School of Pharmacy, Hyogo University of Health Sciences, Hyogo, Japan.
Neuropsychobiology. 2017;75(2):81-88. doi: 10.1159/000480512. Epub 2017 Nov 4.
Antidepressants have variable therapeutic effects, depending on genetic and environmental factors. Approximately 30% of major depressive disorder (MDD) patients do not respond significantly to antidepressants such as paroxetine, a selective serotonin reuptake inhibitor (SSRI). However, the biological mechanisms behind this phenomenon are mostly unknown. Here, we examined the role of patients' epigenetic background in SSRI efficacy.
Genome-wide DNA methylation analysis of the peripheral blood of Japanese MDD patients was performed by using the Infinium HumanMethylation450 BeadChip.
We compared the results of the 10 patients who best responded to paroxetine (BR) with the 10 worst responders (WR), and found 623 CpG sites with a >10% difference in DNA methylation level. Among them, 218 sites were nominally significant between BR and WR (p < 0.05), and 2 sites (cg00594917 and cg07260927) were significantly different after false discovery rate (FDR) correction (q < 0.05). The methylation difference was greatest at cg00594917, located in the first exon of the PPFIA4 gene, which codes for liprin-α (p = 0.00012). Hierarchical cluster analysis of 23 CpG sites in the PPFIA4 gene distinguished BR and WR, except for 1 WR patient. The cg07260927 site was located in the 5'UTR of the heparin sulfate-glucosamine 3-sulfotransferase 1 (HS3ST1) gene (p = 0.00013). Hierarchical cluster analysis of 28 CpG sites in HS3ST1 distinguished BR and WR, except for 1 WR and 2 BR patients.

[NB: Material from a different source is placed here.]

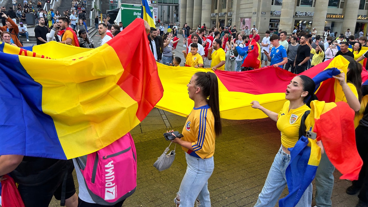 Auf der Königsstraße laufen traurig zwei verirrte Rumänien Fans herum. Sie wollten sich eigentlich das Spiel Slowakei - Rumänien anschauen. Das läuft ebenfalls parallel ab 18 Uhr, wird aber nicht auf dem Schlossplatz übertragen. Auch wenn sie noch schnell einen Ort zum Fußballschauen finden müssen, sind sie optimistisch: "2:1 für Rumänien", sagen sie.

Our results suggest that patients' DNA methylation profile at specific genes such as PPFIA4 and HS3ST1 is associated with individual variations in therapeutic responses to paroxetine.
抗抑郁药的治疗效果因遗传和环境因素而异。大约 30%的重度抑郁症(MDD)患者对帕罗西汀等选择性 5-羟色胺再摄取抑制剂(SSRIs)的反应不明显。然而,这种现象背后的生物学机制在很大程度上尚不清楚。在这里,我们研究了患者表观遗传背景在 SSRIs 疗效中的作用。
使用 Infinium HumanMethylation450 BeadChip 对日本 MDD 患者的外周血进行全基因组 DNA 甲基化分析。
我们比较了对帕罗西汀反应最好的 10 名患者(BR)和反应最差的 10 名患者(WR)的结果,发现了 623 个 DNA 甲基化水平差异超过 10%的 CpG 位点。其中,BR 和 WR 之间有 218 个 CpG 位点有显著差异(p<0.05),经过错误发现率(FDR)校正后有 2 个位点(cg00594917 和 cg07260927)有显著差异(q<0.05)。cg00594917 位点的甲基化差异最大,位于 PPFIA4 基因的第一个外显子,该基因编码脂联素-α(p=0.00012)。23 个 PPFIA4 基因 CpG 位点的层次聚类分析区分了 BR 和 WR,除了 1 个 WR 患者。cg07260927 位点位于肝素硫酸葡糖胺 3-硫酸转移酶 1(HS3ST1)基因的 5'UTR(p=0.00013)。28 个 HS3ST1 基因 CpG 位点的层次聚类分析区分了 BR 和 WR,除了 1 个 WR 和 2 个 BR 患者。
我们的结果表明,患者在 PPFIA4 和 HS3ST1 等特定基因的 DNA 甲基化谱与帕罗西汀治疗反应的个体差异有关。